Natürlich ist eine Klage von Eltern gegen das Land eine neue Eskalationsstufe im Streit um Unterrichtsausfall. Aber er könnte eine neue Sichtweise auf das Thema ermöglichen, kommentiert Jan Georg Plavec

Digital Desk: Jan Georg Plavec (jgp)

Stuttgart - Erziehungsberechtigten sagt man heutzutage nach, dass sie gern ein wenig zu brüsk für die Interessen ihres Nachwuchses eintreten – auch und gerade in Schulangelegenheiten. Der empörte Anruf beim Lehrer wegen der Fünf in Mathe ist jedoch nichts gegen den jüngsten Vorstoß: Eltern wollen wegen mangelhafter Unterrichtsversorgung vor Gericht ziehen.

 

Noch ist völlig unklar, welche Erfolgschancen so eine Klage hat. Es wird nicht leicht, ein Gericht davon zu überzeugen, dass die Lebenschancen von Gymnasiasten in Baden-Württemberg schlechter sind als in anderen Ländern. Deutsche Gerichte haben sich noch nicht klar dazu geäußert, auf wie viel Unterricht Schüler einen einklagbaren Anspruch haben – oder ob so ein Anspruch überhaupt besteht. Das liegt nicht zuletzt an der katastrophalen Datenlage. Es gibt deutschlandweit weder vergleich- noch belastbare Zahlen. In Baden-Württemberg hat das Kultusministerium den Unterrichtsausfall im Juni 2018 zum ersten Mal überhaupt umfassend ermittelt – für eine von fast vierzig Schulwochen. Wo aber Fakten fehlen, werden Debatten stärker emotional geführt.

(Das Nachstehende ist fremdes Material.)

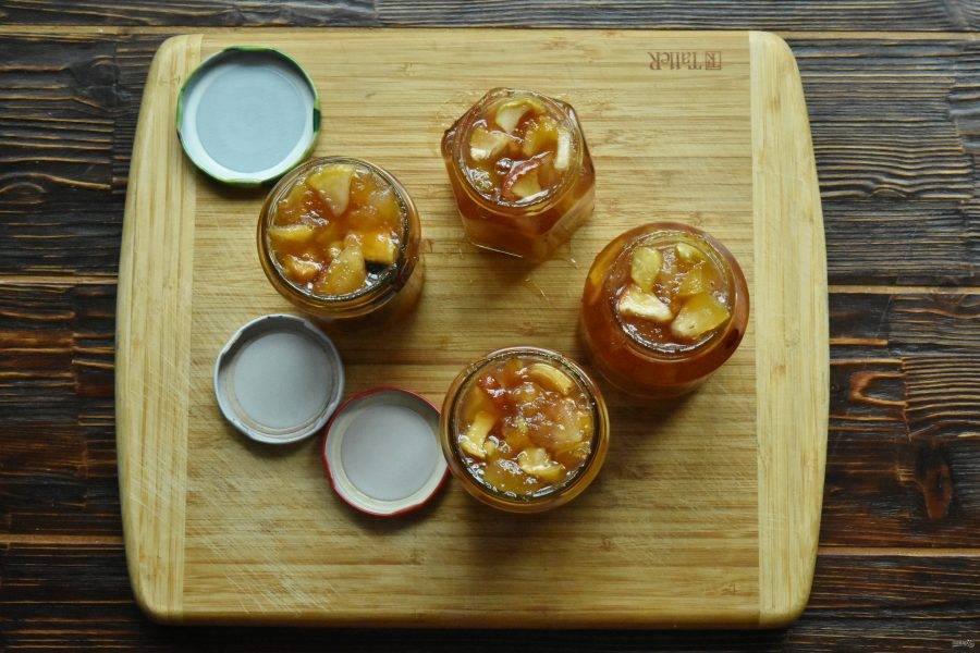 Таким образом варите и остужайте варенье в 3-5 заходов, пока оно не приобретет желаемую консистенцию. При остывании яблоки пропитываются сиропом и варенье густеет.
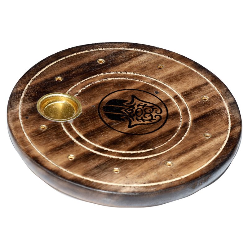 Stojan na vonné tyčinky a kužely Mangové dřevo Hamsa kulatý
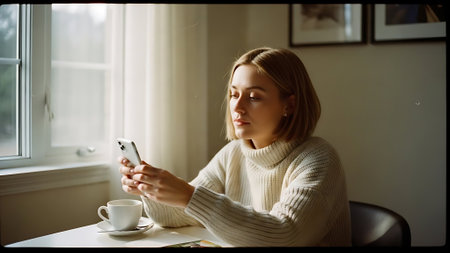 Young woman drinking coffee and using mobile phone in a cafe at home
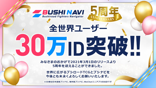 [画像1: https://prcdn.freetls.fastly.net/release_image/14827/9376/14827-9376-3fde51740ba2df0ab06fc2fd2dcd8ffa-1920x1080.jpg?width=536&quality=85%2C75&format=jpeg&auto=webp&fit=bounds&bg-color=fff ]2021年3月1日にリリースしましたブシロード公式TCGツール「ブシナビ」が、5周年を迎えるとともに、全世界ユーザーの合計登録ID数が30万IDを突破しました。(2026年3月1日時点)

Eine Klage ist selten geeignet, um schrille Diskussionen zu versachlichen – so auch in diesem hochpolitischen Fall. Aber vielleicht führt der Vorstoß ja dazu, dass die Eltern und die Ministerin sich nicht nur vor Gericht treffen, sondern zum ernsthaften Gespräch. Wenn es dann um ein Recht auf Unterricht ginge, wäre viel gewonnen. Das Land könnte sich beispielsweise zu Mindeststandards verpflichten – und müsste in der Folge sicherstellen, dass es genügend Lehrer gibt. Ein einklagbarer Anspruch würde der Schulverwaltung Beine machen. Vielleicht ist das – ähnlich wie beim Thema Kitaplatz – der Paradigmenwechsel, den es braucht.